Пахом Пахомыч возглавлял в нашем холдинге торговую сеть, куда входили три магазина, ресторан, кафе и база отдыха. Все это, несмотря на неустанные хлопоты Пахом Пахомыча, приносило одни сплошные убытки. Во всяком случае, если судить по его отчетам. Что, кстати, никак не сказывалось на благосостоянии самого Пахом Пахомыча.
Заботясь о процветании своих подразделений, Храповицкий закупал провизию только в магазинах Пахом Пахомыча и пытался обязать нас делать то же самое. Отчего мы всячески уклонялись, ибо цены у Пахом Пахомыча были такими, что дешевле казалось заказать продукты из Парижа с доставкой на дом.
Когда мы вошли, все замолчали и обернулись на нас. Я назвал Ирину и представил присутствующих. Вася уставился на нее с таким восхищением, что его жена сразу же разозлилась. У нее было вытянутое лошадиное лицо с выдающимися вперед зубами и маленькие пронзительные черные глазки.
– Принеси мне сигареты! – велела она Васе довольно недружелюбно, движимая желанием отправить его куда-нибудь подальше от опасного соседства.
– Да вот же, полно сигарет! – удивился Вася, указывая на разбросанные по столу пачки.
– Я хочу другие, с ментолом! – упорствовала она. – Которые я покупала в дьюти-фри. Я оставила их в спальне.
Вася уверял, что когда-то она была чемпионкой Европы по бальным танцам. Не знаю, как она выступала на конкурсах, но на наших вечеринках она, напиваясь, постоянно порывалась устроить стриптиз, шокируя добропорядочного Храповицкого и оскорбляя мои эстетические вкусы демонстрацией своих обвисших прелестей.
В быту она Васей помыкала, как, впрочем, и его официальная жена. Но обнаруживать женское доминирование в присутствии посторонних было неприлично, и Вася нахохлился.
– Ты принесешь мне сигареты или нет? – повысила она голос.
– Пошла ты в задницу! – добродушно отозвался Вася, с присущей ему дипломатичностью заканчивая дискуссию.

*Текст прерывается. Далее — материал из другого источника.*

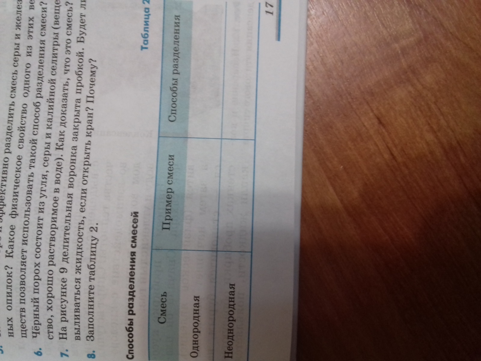 Помогите мне пожалуйста с химией 8 класс ( срочно нужно) и таблицу заполнить)) Буду очень благодарна)) Предложите способы разделения следующих смесей: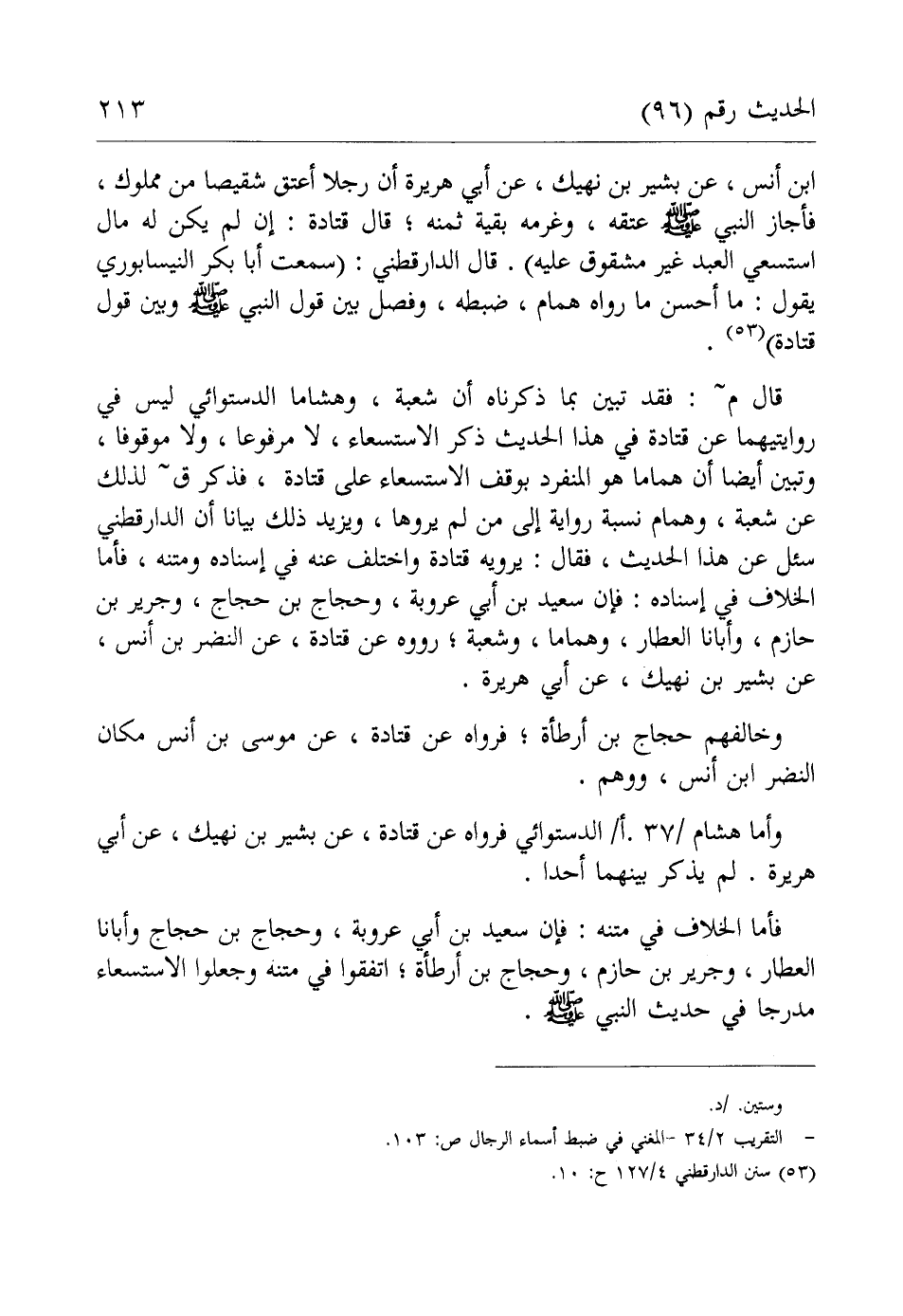 ابن أنس، عن بشير بن نهيك، عن أبي هريرة أن رجلا أعتق شقيصا من مملوك، فأجاز النبي - صلى الله عليه وسلم - عتقه، وغرمه بقية ثمنه؛ قال قتادة: إن لم يكن له مال استسعي العبد غير مشقوق عليه). قال الدارقطني: (سمعت أبا بكر النيسابوري يقول: ما أحسن ما رواه همام، ضبطه، وفصل بين قول النبي - صلى الله عليه وسلم - وبين قول قتادة) (¬53).

Она раздраженно фыркнула и выскочила на веранду к Олесе и жене Сырцова.
Храповицкий обнял меня со значением и потрепал по плечу.
– Вы как два шпиона! – сказала Анжелика, пухлая симпатичная подруга Виктора, намекая на мои темные очки, роднившие меня с шефом.
Если Вася, в подражание Храповицкому, старался подбирать женщин, чьими достоинствами – реальными или вымышленными – можно было похвастаться перед приятелями, то Виктор, наоборот, принципиально жил только с простушками. Его первая жена в прошлой жизни была продавщицей, две последующие начинали у него секретаршами.
У Анжелики с Виктором был маленький сын. И в настоящее время Виктор раздумывал, заводить ли второго ребенка с Анжеликой или найти для этого еще одну жену. Пара-другая секретарш, вполне подходящих для этой цели, у него на примете имелись.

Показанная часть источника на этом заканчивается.